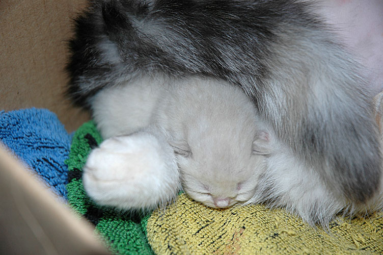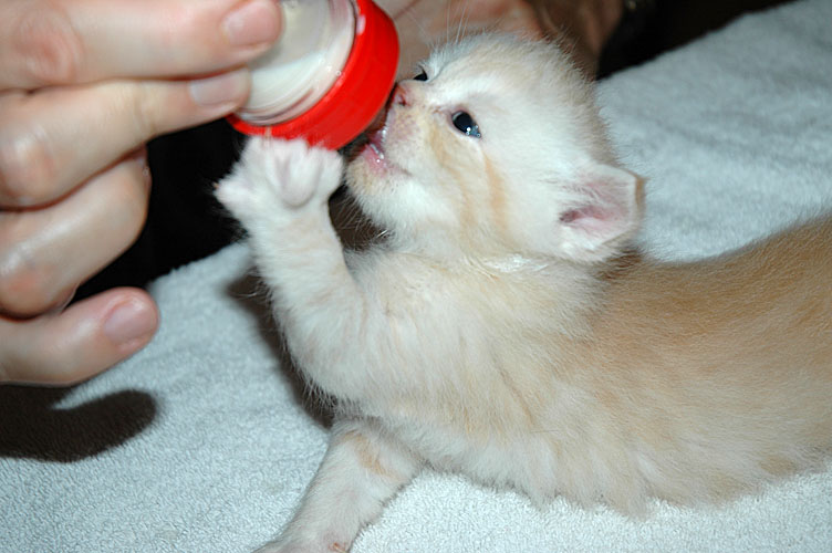 Nu hadden we een nieuw probleem. De kittens waren gedurende dag zoveel afgevallen en zo vermoeid dat ze niet zelf bij mams konden drinken. Daarnaast is Blue Tess een onervaren moeder en weet dus ook nog niet zo goed wat ze met het grut aan moet, behalve schoonhouden dan. Om te voorkomen dat de kleintjes teveel gewicht verliezen, zijn we gisteravond met “flessen” begonnen en dat gaat goed. Een van de kittens, Kai, drinkt wel zelf bij zijn moeder, dus blijft de melkvloed op gang en als de rest wat sterker wordt, zullen ze zeker een tepel vinden en gaan drinken.
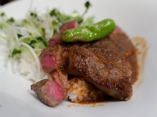 มีข้าวอยู่ด้านล่าง ทานเนื้อกับข้าวมันเป็นอะไรที่ฟินมากๆ แนะนำให้สั่งเป็นset จะมีซุปมิโซะมาด้วยพอหน้าหนาวแล้วกินซุปด้วยเพิ่มความฟินเข้าไปอีกจ้า
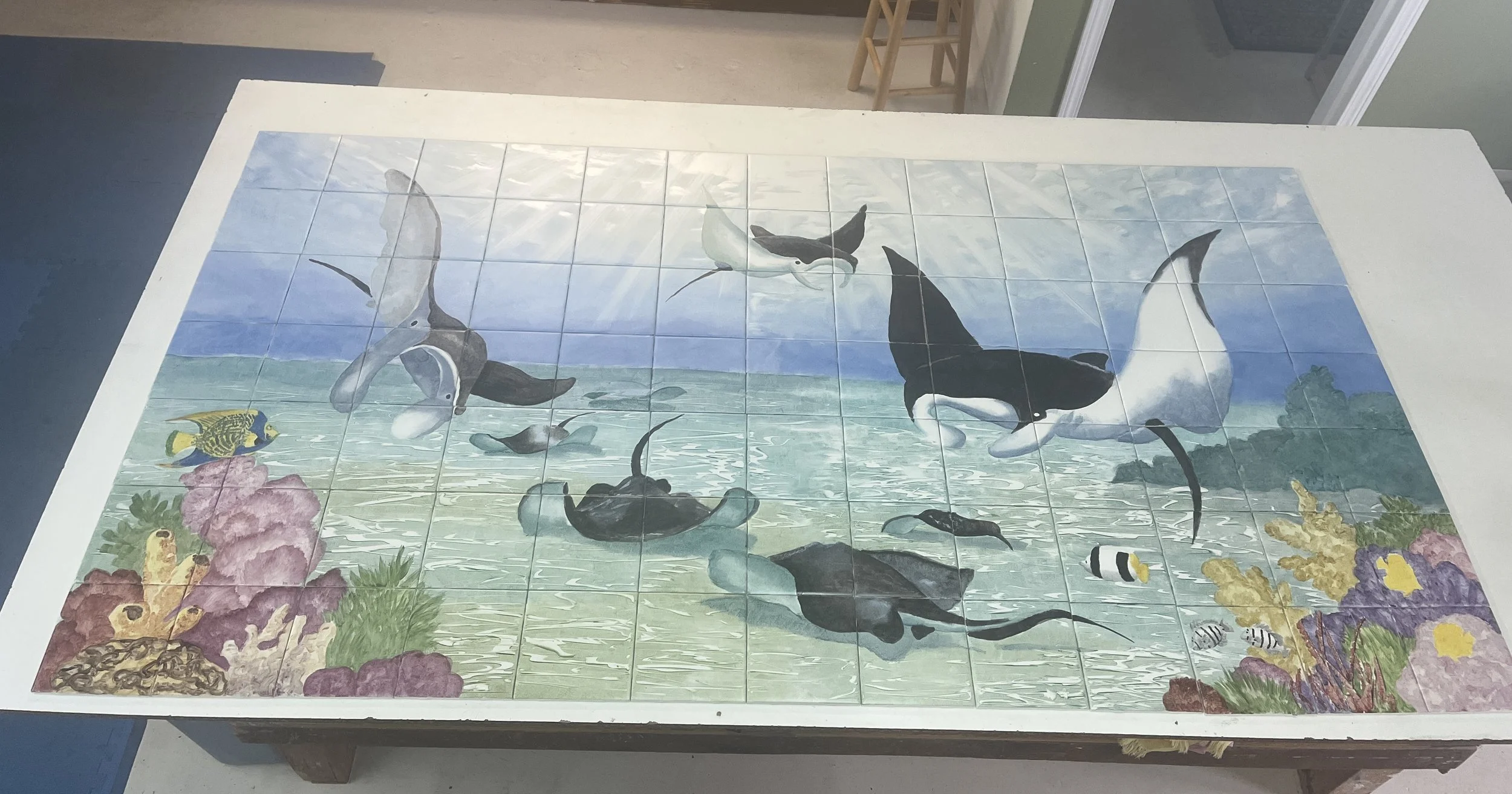 Here’s what the Mantas bespoke tile mural looks like after the second firing. You can see that the background is now filled in, the colors have been deepened and texture has been added. There will be at least one more firing. The next one will be black outlines, and deepening colors even more. I’m liking it so far. I particularly like the way the sunlight beams through the water and plays on the sand.
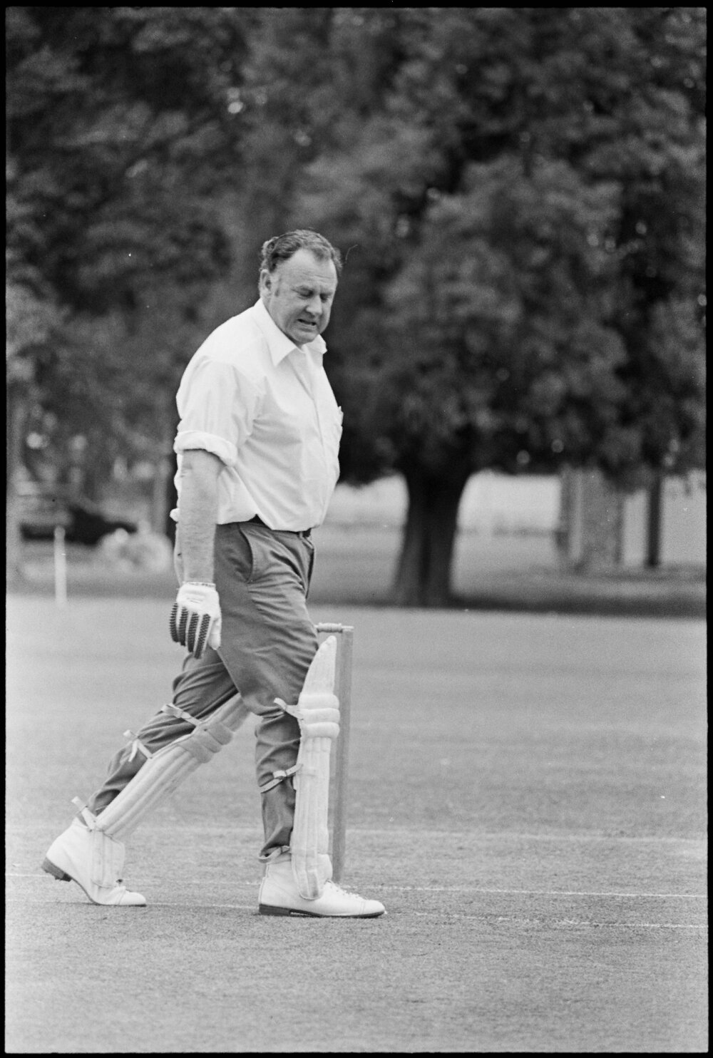 Date15 November 1975Reference Numberphoto gcc-36875DescriptionClergymen and laymen participating in Holy Trinity (Angels), v. the Rest (Demons) cricket match as part of the church's centennial celebrations. Batting is Mr K. R. Allen, National Party M.P. for Tauranga, and fielding is Bishop of Waiapu Paul Reeves. Published 15 November 1975.FormatNegativePhysical Description35mm black-and-white negative (4/8)Photographer/CreatorBay of Plenty Times
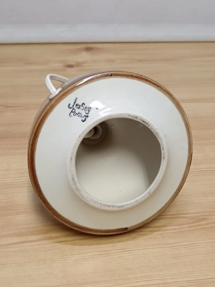 Vintage 1970s Jersey Pottery Lamp Base Foral Leaf Pattern. - Tested & Working. Great Condition with no damage. 7.5" total height and 5.5" in diameter. Please look at the pictures for full condition and what you will receive.
━━━━━━━━━━━━━━━━━━━━━━━━━━━━━━
• _REQUIRED ACTION_
The records above must be output exactly, except for their pictures.

• _ANSWER SECTION_
 Nu hadden we een nieuw probleem. De kittens waren gedurende dag zoveel afgevallen en zo vermoeid dat ze niet zelf bij mams konden drinken. Daarnaast is Blue Tess een onervaren moeder en weet dus ook nog niet zo goed wat ze met het grut aan moet, behalve schoonhouden dan. Om te voorkomen dat de kleintjes teveel gewicht verliezen, zijn we gisteravond met “flessen” begonnen en dat gaat goed. Een van de kittens, Kai, drinkt wel zelf bij zijn moeder, dus blijft de melkvloed op gang en als de rest wat sterker wordt, zullen ze zeker een tepel vinden en gaan drinken.
 มีข้าวอยู่ด้านล่าง ทานเนื้อกับข้าวมันเป็นอะไรที่ฟินมากๆ แนะนำให้สั่งเป็นset จะมีซุปมิโซะมาด้วยพอหน้าหนาวแล้วกินซุปด้วยเพิ่มความฟินเข้าไปอีกจ้า
 Here’s what the Mantas bespoke tile mural looks like after the second firing. You can see that the background is now filled in, the colors have been deepened and texture has been added. There will be at least one more firing. The next one will be black outlines, and deepening colors even more. I’m liking it so far. I particularly like the way the sunlight beams through the water and plays on the sand.
 Date15 November 1975Reference Numberphoto gcc-36875DescriptionClergymen and laymen participating in Holy Trinity (Angels), v. the Rest (Demons) cricket match as part of the church's centennial celebrations. Batting is Mr K. R. Allen, National Party M.P. for Tauranga, and fielding is Bishop of Waiapu Paul Reeves. Published 15 November 1975.FormatNegativePhysical Description35mm black-and-white negative (4/8)Photographer/CreatorBay of Plenty Times
 Vintage 1970s Jersey Pottery Lamp Base Foral Leaf Pattern. - Tested & Working. Great Condition with no damage. 7.5" total height and 5.5" in diameter. Please look at the pictures for full condition and what you will receive.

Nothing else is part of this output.